=== Begin Enclosure ===

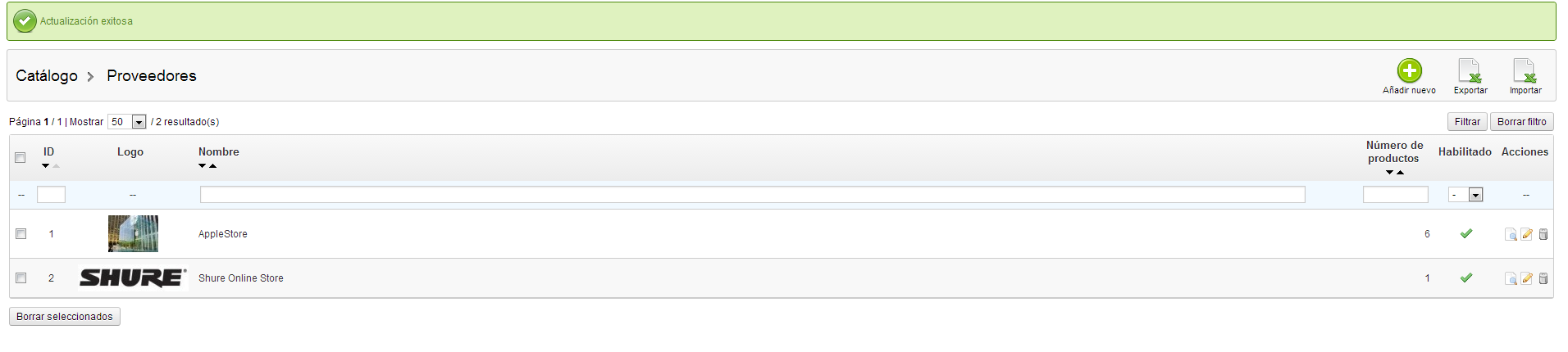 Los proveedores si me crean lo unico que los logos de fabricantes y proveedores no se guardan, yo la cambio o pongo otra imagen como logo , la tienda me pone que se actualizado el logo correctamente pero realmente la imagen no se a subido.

=== End Enclosure ===
=== Begin Enclosure ===

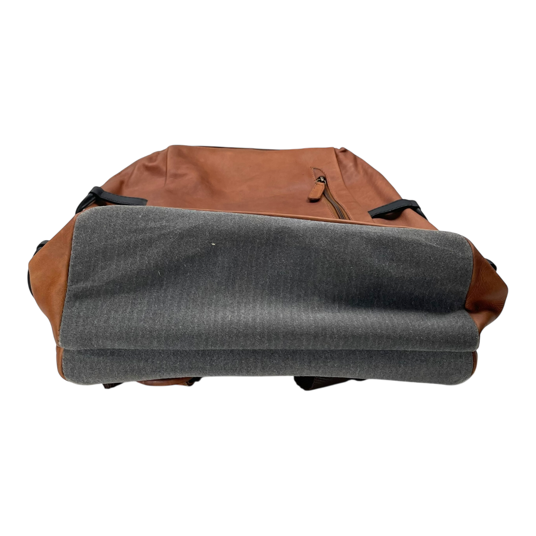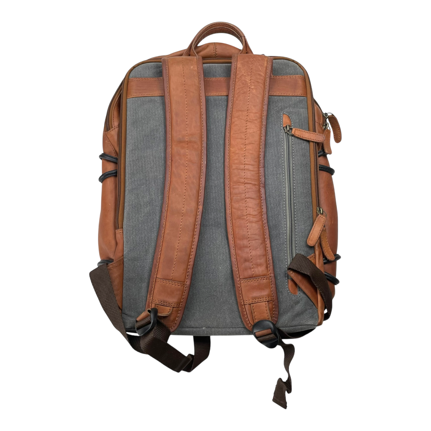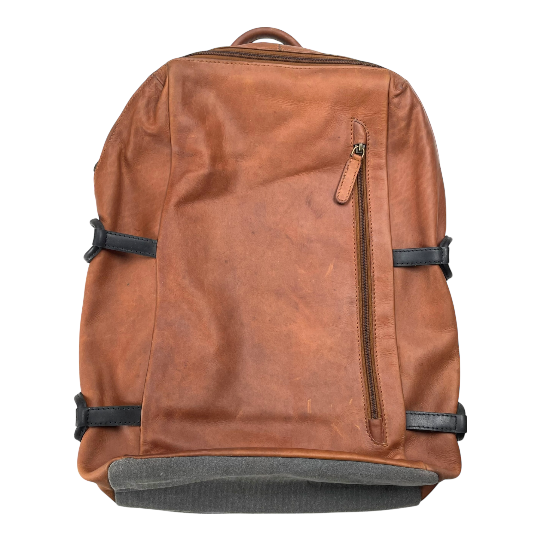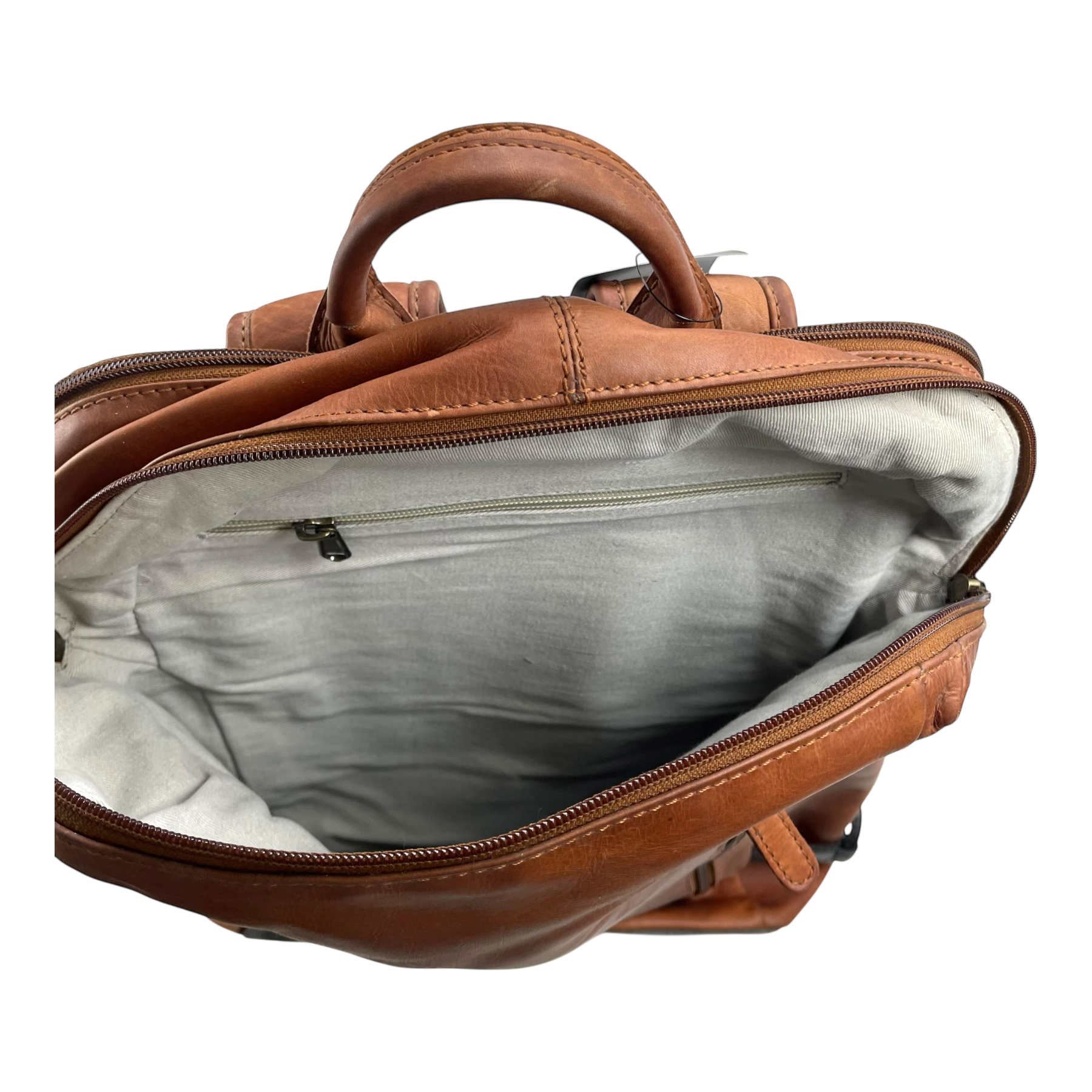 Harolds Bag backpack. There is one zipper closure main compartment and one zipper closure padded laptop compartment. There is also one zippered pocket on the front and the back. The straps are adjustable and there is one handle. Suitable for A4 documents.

=== End Enclosure ===
=== Begin Enclosure ===

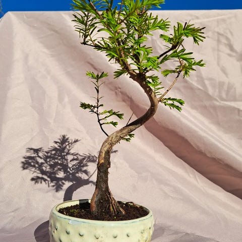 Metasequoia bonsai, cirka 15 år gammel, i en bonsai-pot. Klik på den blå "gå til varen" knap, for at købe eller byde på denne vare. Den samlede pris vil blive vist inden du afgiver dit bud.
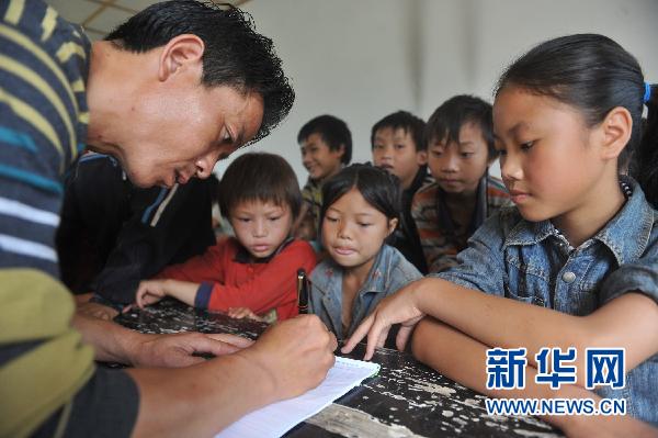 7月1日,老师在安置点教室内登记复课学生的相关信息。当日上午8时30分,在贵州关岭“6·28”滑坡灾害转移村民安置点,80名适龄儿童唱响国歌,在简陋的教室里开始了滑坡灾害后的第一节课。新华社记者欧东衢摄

=== End Enclosure ===

## EXERCISE DESCRIPTION
Extract the part of the records that opens with the line containing "Metasequoia bonsai, cirka" and closes with the line containing "7月1日,老师在安置点教室内". Take only those lines, exactly, and no pictures.

## YOUR RESPONSE
 Metasequoia bonsai, cirka 15 år gammel, i en bonsai-pot. Klik på den blå "gå til varen" knap, for at købe eller byde på denne vare. Den samlede pris vil blive vist inden du afgiver dit bud.
 7月1日,老师在安置点教室内登记复课学生的相关信息。当日上午8时30分,在贵州关岭“6·28”滑坡灾害转移村民安置点,80名适龄儿童唱响国歌,在简陋的教室里开始了滑坡灾害后的第一节课。新华社记者欧东衢摄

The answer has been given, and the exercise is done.